[Opening Data supplied section]
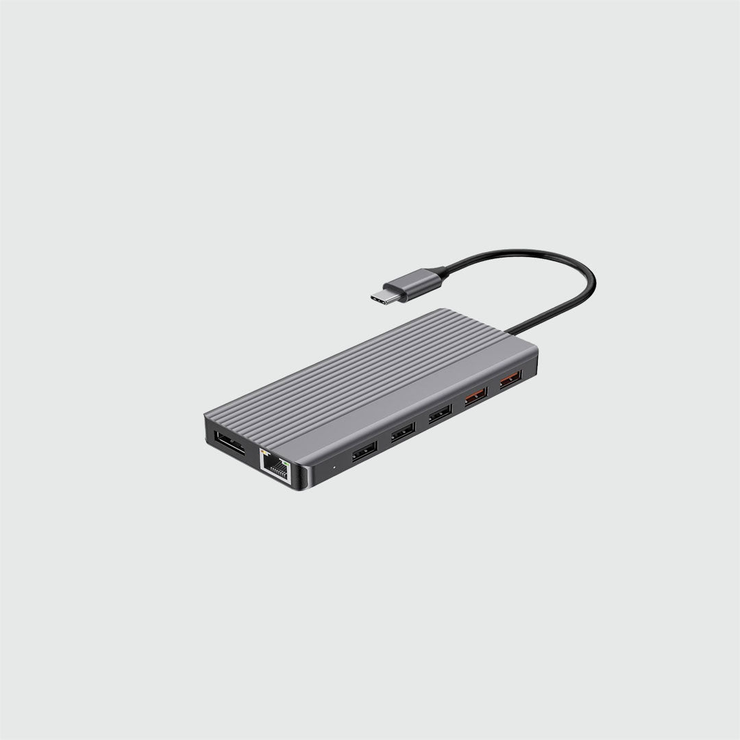 Powerology 12-in-1 USB-C Hub with 100W PD, HDMI, Ethernet, USB, SD Slots - Dark
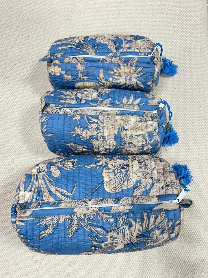 Cotton Eco-Friendly Large Zipper Case Quilted Block Printed Handmade for & Makeup Bag Travel Accessory
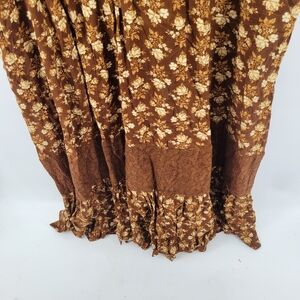 April Cornel Floral Brown Maxi Dress With Lace Trim Cottage Core Size XLarge
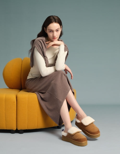 Step into warmth and comfort with the Australian Shepherd Theia Platform Slippers. Made with premium sheepskin for added coziness during chilly days and designed with a convenient slip-on style for effortless wear. Available in chestnut and sand, making it easy to complement your personal style and wardrobe. The platform sole adds a stylish lift, perfect for enhancing a variety of outfits.
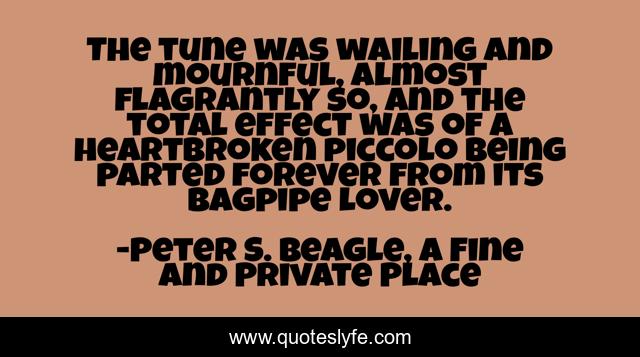 This page presents the quote "The tune was wailing and mournful, almost flagrantly so, and the total effect was of a heartbroken piccolo being parted forever from its bagpipe lover.". Author of this quote is Peter S. Beagle, A Fine and Private Place. This quote is about fantasy, humor, music,.
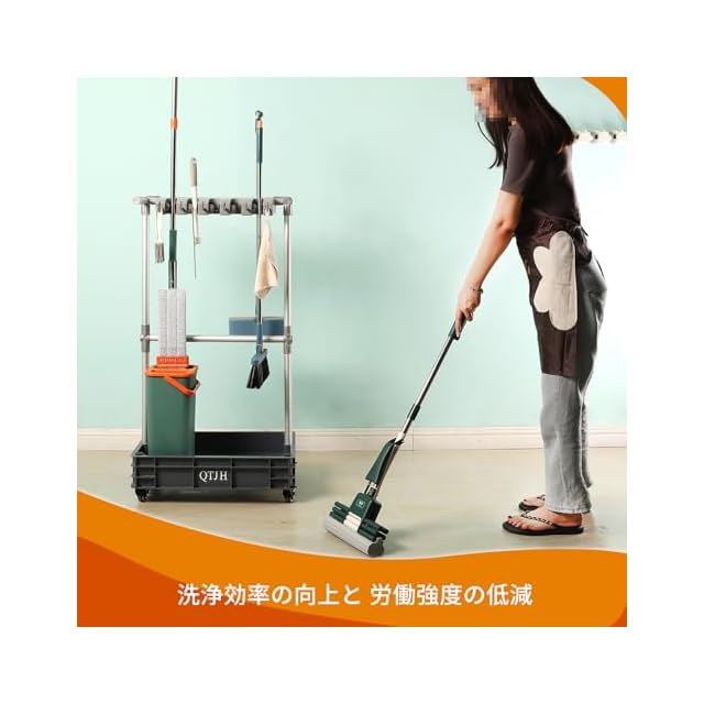 3. 効率的な清掃:車輪がついた掃除用具ホルダーを使用すると、全ての掃除道具を一度に簡単に移動でき、無駄な移動を減らし、清掃効率を向上させます。
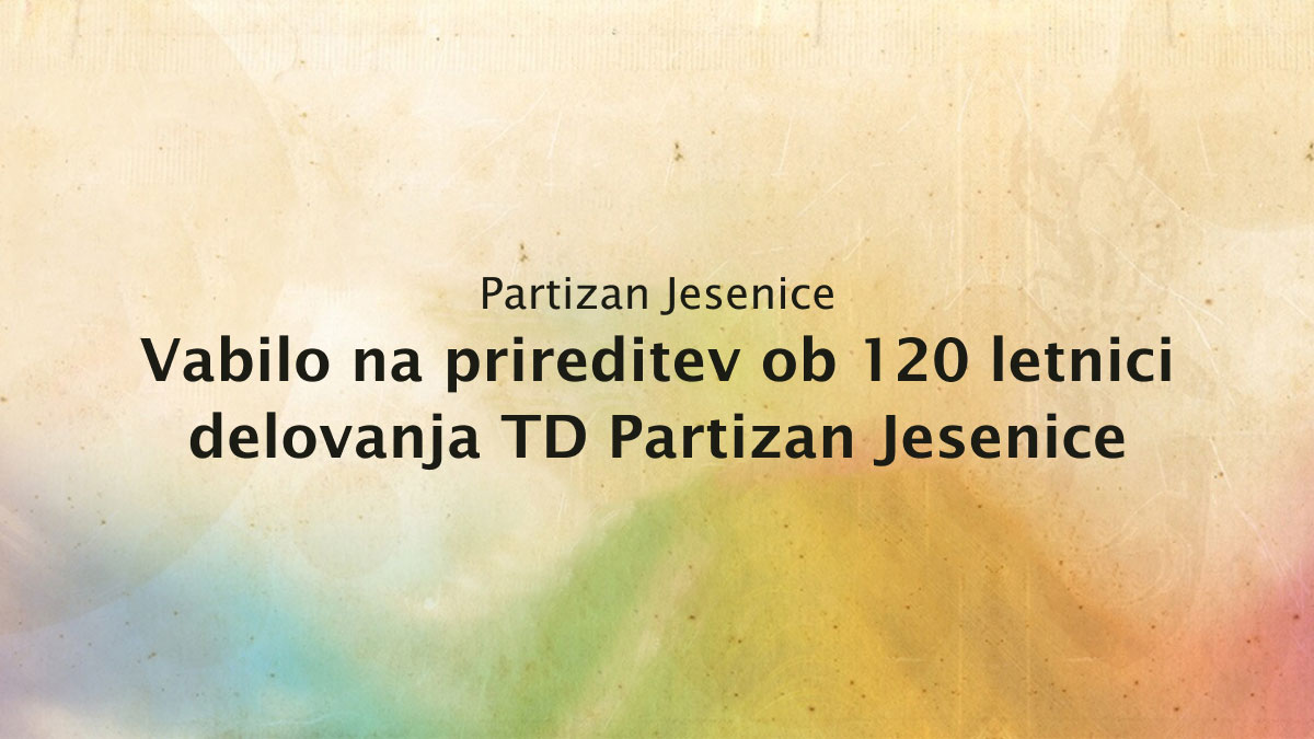 Društvo Partizan Jesenice vabi na svečano prireditev ob 120 letnici delovanja telovadnega društva Partizan Jesenice, ki bo v soboto, 30. 11. 2024 ob 18.00 uri v prostorih društva – Cesta železarjev 1.
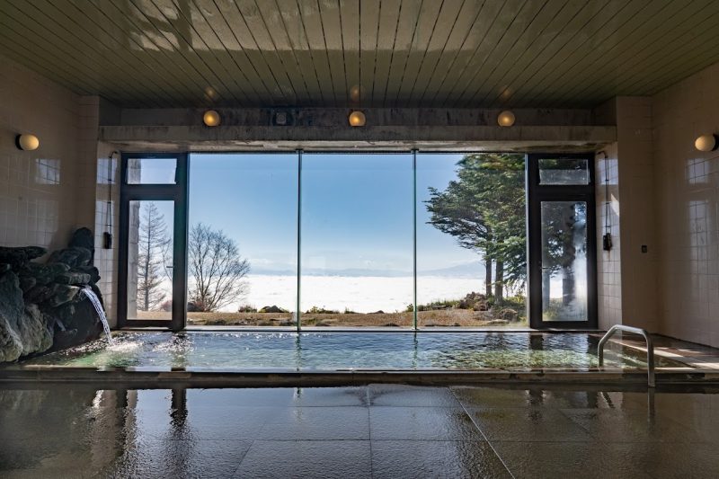 名物の「雲の上の露天風呂(インフィニティ風呂)」は、まるで空中に浮かんでいるかのような開放感が広がります。
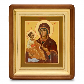 Икона живописная на доске в киоте 18х24 темпера, золоченый нимб, ковчег, киот №1 Троеручица
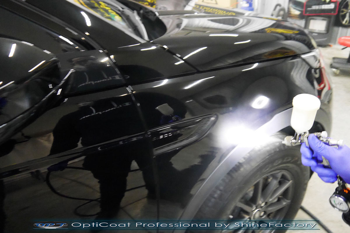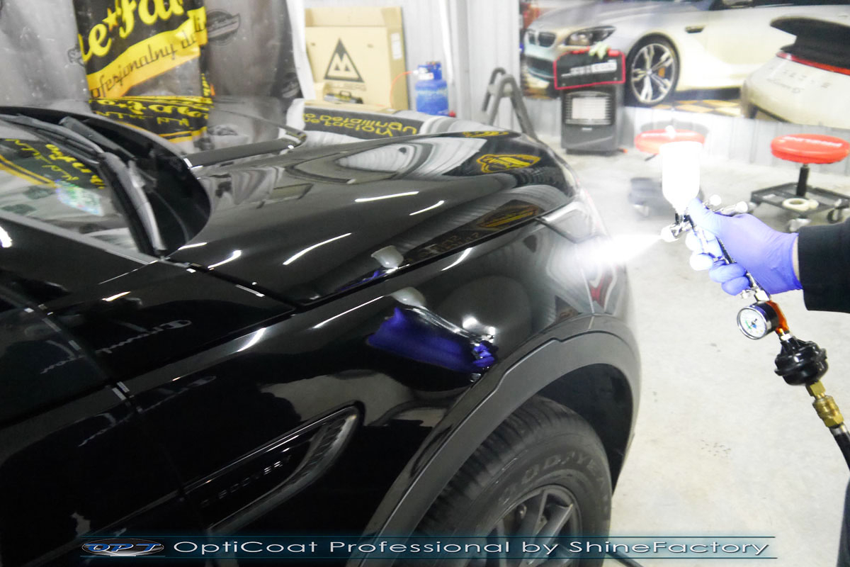 Zapraszamy Państwa do fotorelacji z prac nad Land Rover Discovery Sport w czarnym niemetalicznym lakierze. Auto zostało nam oddane niedługo po wyjeździe z salonu w celu jak najgrubszego i jak najmocniejszego możliwego zabezpieczenia pakietem powłok ceramicznych. Prace nad nadwoziem rozpoczęliśmy od dokładnego oczyszczenia i odtłuszczenia, następnie lakier w celu uzyskania perfekcyjnego efektu finalnego niestety musiał już przejść dość mocną korektę ponieważ zastaliśmy na nim mnóstwo mikrorys oraz zmatowień potransportowych oraz posalonowych. Po tych czynnościach przeszliśmy do aplikacji powłok na wszelkie elementy jak lakier, szyby (bezapelacyjnie najlepszą powłoką Gtechniq G1), lampy, felgi (pancerny CQ DLUX), detale itp itd. Najważniejsze, na sam lakier zaaplikowaliśmy maksymalnie grubą natryskową warstwę kompozytu ceramicznego (100% powłoki na aucie) opartego na SiC- OptiCoat Professional połączoną z powłoką GlossCoat, która zapewni ochronę, zminimalizowane brudzenie oraz ułatwione do maksimum mycie. Przyciemnieliśmy tylne szyby auta. Finalnie całe auto zostało wygrzane lampami IR w odpowiedniej temperaturze w celu utwardzenia. Zapraszamy do szerokiej fotorelacji!
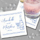 Personalised Hand Drawn Champagne Whimsical Wedding Napkins. This elegant and minimalist wedding cocktail napkin features a charming hand drawn illustration of a champagne bottle and glass, perfect for celebrating your special occasion. In soft blue and white tones, the bride and groom's names and wedding date are elegantly displayed beneath the artwork in a mix of handwritten script and simple fonts, creating a stylish yet approachable vibe.
[Closing Data supplied section]
Required work
Reproduce all of the data exactly; the pictures do not belong in the copy.

Answer to this task
 Powerology 12-in-1 USB-C Hub with 100W PD, HDMI, Ethernet, USB, SD Slots - Dark
 Cotton Eco-Friendly Large Zipper Case Quilted Block Printed Handmade for & Makeup Bag Travel Accessory
 April Cornel Floral Brown Maxi Dress With Lace Trim Cottage Core Size XLarge
 Step into warmth and comfort with the Australian Shepherd Theia Platform Slippers. Made with premium sheepskin for added coziness during chilly days and designed with a convenient slip-on style for effortless wear. Available in chestnut and sand, making it easy to complement your personal style and wardrobe. The platform sole adds a stylish lift, perfect for enhancing a variety of outfits.
 This page presents the quote "The tune was wailing and mournful, almost flagrantly so, and the total effect was of a heartbroken piccolo being parted forever from its bagpipe lover.". Author of this quote is Peter S. Beagle, A Fine and Private Place. This quote is about fantasy, humor, music,.
 3. 効率的な清掃:車輪がついた掃除用具ホルダーを使用すると、全ての掃除道具を一度に簡単に移動でき、無駄な移動を減らし、清掃効率を向上させます。
 Društvo Partizan Jesenice vabi na svečano prireditev ob 120 letnici delovanja telovadnega društva Partizan Jesenice, ki bo v soboto, 30. 11. 2024 ob 18.00 uri v prostorih društva – Cesta železarjev 1.
 名物の「雲の上の露天風呂(インフィニティ風呂)」は、まるで空中に浮かんでいるかのような開放感が広がります。
 Икона живописная на доске в киоте 18х24 темпера, золоченый нимб, ковчег, киот №1 Троеручица
 Zapraszamy Państwa do fotorelacji z prac nad Land Rover Discovery Sport w czarnym niemetalicznym lakierze. Auto zostało nam oddane niedługo po wyjeździe z salonu w celu jak najgrubszego i jak najmocniejszego możliwego zabezpieczenia pakietem powłok ceramicznych. Prace nad nadwoziem rozpoczęliśmy od dokładnego oczyszczenia i odtłuszczenia, następnie lakier w celu uzyskania perfekcyjnego efektu finalnego niestety musiał już przejść dość mocną korektę ponieważ zastaliśmy na nim mnóstwo mikrorys oraz zmatowień potransportowych oraz posalonowych. Po tych czynnościach przeszliśmy do aplikacji powłok na wszelkie elementy jak lakier, szyby (bezapelacyjnie najlepszą powłoką Gtechniq G1), lampy, felgi (pancerny CQ DLUX), detale itp itd. Najważniejsze, na sam lakier zaaplikowaliśmy maksymalnie grubą natryskową warstwę kompozytu ceramicznego (100% powłoki na aucie) opartego na SiC- OptiCoat Professional połączoną z powłoką GlossCoat, która zapewni ochronę, zminimalizowane brudzenie oraz ułatwione do maksimum mycie. Przyciemnieliśmy tylne szyby auta. Finalnie całe auto zostało wygrzane lampami IR w odpowiedniej temperaturze w celu utwardzenia. Zapraszamy do szerokiej fotorelacji!
 Personalised Hand Drawn Champagne Whimsical Wedding Napkins. This elegant and minimalist wedding cocktail napkin features a charming hand drawn illustration of a champagne bottle and glass, perfect for celebrating your special occasion. In soft blue and white tones, the bride and groom's names and wedding date are elegantly displayed beneath the artwork in a mix of handwritten script and simple fonts, creating a stylish yet approachable vibe.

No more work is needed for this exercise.